Normally professional organizations would serve some of the functions that LinkedIn is now. These organizations represent professional contact networks and may be in trouble unless they adapt.

Participant-driven platforms are another communication revolution. What kind of meaningful mechanisms will make them more useful and avoid us getting swamped?

  • Enable easy sharing of posts, information, or whatever else your application addresses (Twitter, Facebook, "Add This" application)
  • Set up reward systems that will draw on competitive instincts and show progress (any online game,
  • Count hits, downloads, views, and such to show people how much of interest others have taken in a piece of news or application (Youtube, Amazon)
  • Enable a friend or follower system that will let people connect to each other, give them some idea of who else is around, and share their interests (Facebook, Youtube, etc.)
  • Tags to let people identify for you, rather than coming up with your own terms (Facebook, Delicious, #twitter)

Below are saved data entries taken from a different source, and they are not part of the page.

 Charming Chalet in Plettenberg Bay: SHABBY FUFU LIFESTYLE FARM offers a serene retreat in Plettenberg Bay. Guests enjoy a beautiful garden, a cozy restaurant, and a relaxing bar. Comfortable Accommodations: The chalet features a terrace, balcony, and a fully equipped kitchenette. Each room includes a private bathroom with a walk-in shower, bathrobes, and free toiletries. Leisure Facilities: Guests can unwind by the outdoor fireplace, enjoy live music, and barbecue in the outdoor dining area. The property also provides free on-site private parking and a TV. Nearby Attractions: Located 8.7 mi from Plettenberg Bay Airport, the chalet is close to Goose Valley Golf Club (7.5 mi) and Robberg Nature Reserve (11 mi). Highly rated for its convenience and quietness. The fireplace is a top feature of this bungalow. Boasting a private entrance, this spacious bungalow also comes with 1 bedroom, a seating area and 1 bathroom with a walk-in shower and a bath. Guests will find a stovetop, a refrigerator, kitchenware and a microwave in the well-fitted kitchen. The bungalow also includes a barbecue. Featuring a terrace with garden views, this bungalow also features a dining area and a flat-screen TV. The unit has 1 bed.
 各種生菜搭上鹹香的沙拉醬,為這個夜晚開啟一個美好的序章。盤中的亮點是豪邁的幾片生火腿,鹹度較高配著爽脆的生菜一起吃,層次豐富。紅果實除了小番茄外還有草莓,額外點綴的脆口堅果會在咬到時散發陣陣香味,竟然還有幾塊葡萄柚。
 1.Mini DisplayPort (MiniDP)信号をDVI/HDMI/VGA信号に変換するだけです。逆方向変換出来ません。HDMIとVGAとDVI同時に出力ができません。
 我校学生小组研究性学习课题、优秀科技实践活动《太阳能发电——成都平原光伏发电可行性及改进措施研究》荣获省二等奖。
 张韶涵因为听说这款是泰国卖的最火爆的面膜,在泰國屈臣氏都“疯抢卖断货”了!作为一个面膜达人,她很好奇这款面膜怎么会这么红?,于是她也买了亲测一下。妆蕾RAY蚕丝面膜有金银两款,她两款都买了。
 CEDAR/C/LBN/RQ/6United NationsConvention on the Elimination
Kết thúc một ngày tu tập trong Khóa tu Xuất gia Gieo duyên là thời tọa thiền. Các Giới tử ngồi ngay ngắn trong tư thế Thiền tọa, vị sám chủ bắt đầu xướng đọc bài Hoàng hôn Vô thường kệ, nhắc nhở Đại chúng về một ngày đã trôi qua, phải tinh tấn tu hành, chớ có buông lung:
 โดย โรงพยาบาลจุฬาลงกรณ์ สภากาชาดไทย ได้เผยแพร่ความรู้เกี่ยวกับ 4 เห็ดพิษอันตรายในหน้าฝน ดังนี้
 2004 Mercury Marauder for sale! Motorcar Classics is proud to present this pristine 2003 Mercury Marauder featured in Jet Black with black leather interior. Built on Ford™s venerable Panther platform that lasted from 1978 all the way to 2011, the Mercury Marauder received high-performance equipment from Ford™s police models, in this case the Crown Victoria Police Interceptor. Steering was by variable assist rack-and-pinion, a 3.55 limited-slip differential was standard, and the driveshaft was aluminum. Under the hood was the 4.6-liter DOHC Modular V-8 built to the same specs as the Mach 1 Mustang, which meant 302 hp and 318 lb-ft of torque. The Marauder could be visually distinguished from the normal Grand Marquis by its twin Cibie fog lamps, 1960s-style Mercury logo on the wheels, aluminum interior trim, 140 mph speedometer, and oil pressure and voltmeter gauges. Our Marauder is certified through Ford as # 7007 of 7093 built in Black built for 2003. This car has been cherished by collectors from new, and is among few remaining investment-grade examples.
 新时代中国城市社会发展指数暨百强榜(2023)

The best social information applications combine all of these characteristics.

As Jack says, let people "Find, Share and Compare."

1 comment:

Dan Keldsen said...

David - Great to have you at the discussion last week, and thank you very much for this summary.

Emergence is definitely not a mainstream term - which is why I quickly (I hope) side-stepped into the viral, social media and social networking realms for purposes of discussions. Battling against mainstream adoption of words and phrases - emergence has not YET emerged as the term of choice, but such is life.

I'll have to run an experiment to see if renaming and posting a second edition of this presentation with "viral" rather than "emergence" in the title makes a difference on how widely it spreads.

Experimentation! A key to understanding whether emergence works, and how can the odds can be improved.

Much easier to understand these concepts with real examples rather than purely the scientific concept of emergence. My hope is that by uncovering personal uses of these ideas, it will be much easier to apply them in other arenas.

Thanks again - and for anyone who would be willing to share "enterprise-focused" emergence or viral experiences of their own, please don't hesitate to get in touch.

Have been running ongoing research for 6 years on this topic - and don't plan on stopping any time soon.